Cuda not available when running multi-gpu inference

Hi, I am running an inference script on a server with 7 NVIDIA GeForce GTX 1080 Ti. It’s currently running on a single GPU, which works fine. However, I’d like to parallelize things (I am using huggingface accelerate for that, this might also be an issue with their tool…). When running my script with accelerate launch --config_file [my_config_file] run.py torch cannot find cuda anymore. I am in the same conda env that works fine for single GPU inference. The config file sets CUDA_VISIBLE_DEVICES which it does in my case to ‘[1,2,3,4]’ (On GPU ‘0’ I am running the above mentioned script). Same happens when specifically setting CUDA_VISIBLE_DEVICES=1,2,3,4 before calling accelerate [...].
I can’t seem to figure out why cuda is not available in this case.

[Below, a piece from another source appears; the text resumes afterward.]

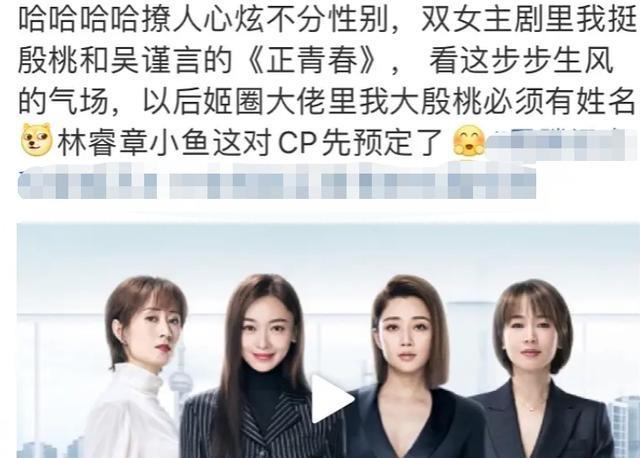 虽然有部分网友唱衰这部殷桃和吴谨言的《正青春》,但是这部剧或许还是挺值得一看的,作为比较靠前播出的女性职场剧,没有男演员“插足”的演剧形式还是值得期待。

  • Cuda driver version 11.8
  • nvcc -version prints nvcc: NVIDIA (R) Cuda compiler driver Copyright (c) 2005-2017 NVIDIA Corporation Built on Fri_Nov__3_21:07:56_CDT_2017 Cuda compilation tools, release 9.1, V9.1.85
  • torch.version.cuda is 11.8
  • pytorch version 2.0.0
  • dmesg does not have any entries regarding NVRM hinting at problems

Could you describe your issue in more detail and what “CUDA not available” means in this context given you can use your GPU?

After importing torch, torch.cuda.is_available() is false and then during the initialization of an accelerate.PartialState() which under the hood uses torch.nn.parallel.DistributedDataParallel if I’m not mistaken, torch raises an AttributeError ‘torch.cpu has no attribute device_count’. Which I guess is due to the cpu being torch’s fallback device when no gpus are available and then accelerate calling device_count (checked this during debugging) on that device.

I don’t know if accelerate uses another PyTorch binary but you could double check it via printing torch.__version__ and torch.__path__ inside the standalone run (which is able to detect the GPU) and inside the script used by accelerate.

Thanks @ptrblck. Turns out it was a corrupt conda config on my end. Seems to be resolved now.